What is required> Leave out the images and return all the data word for word.

Input data>
Segment Open
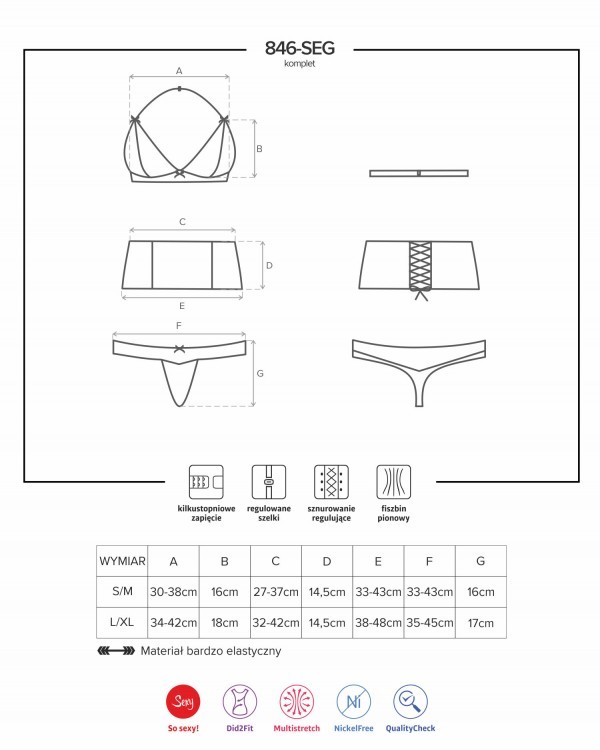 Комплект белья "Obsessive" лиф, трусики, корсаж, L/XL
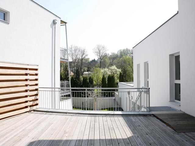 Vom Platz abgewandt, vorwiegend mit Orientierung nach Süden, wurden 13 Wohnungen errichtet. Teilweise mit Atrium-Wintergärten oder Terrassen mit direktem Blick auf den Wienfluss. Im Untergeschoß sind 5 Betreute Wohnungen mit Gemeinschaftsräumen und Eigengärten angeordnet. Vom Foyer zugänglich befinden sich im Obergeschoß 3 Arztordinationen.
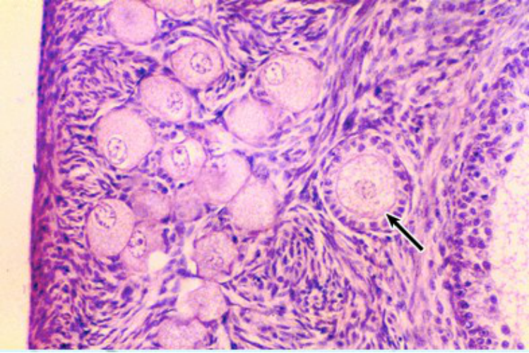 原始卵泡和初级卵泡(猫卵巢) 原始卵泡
Segment Closed
Exercise answer>
 Комплект белья "Obsessive" лиф, трусики, корсаж, L/XL
 Vom Platz abgewandt, vorwiegend mit Orientierung nach Süden, wurden 13 Wohnungen errichtet. Teilweise mit Atrium-Wintergärten oder Terrassen mit direktem Blick auf den Wienfluss. Im Untergeschoß sind 5 Betreute Wohnungen mit Gemeinschaftsräumen und Eigengärten angeordnet. Vom Foyer zugänglich befinden sich im Obergeschoß 3 Arztordinationen.
 原始卵泡和初级卵泡(猫卵巢) 原始卵泡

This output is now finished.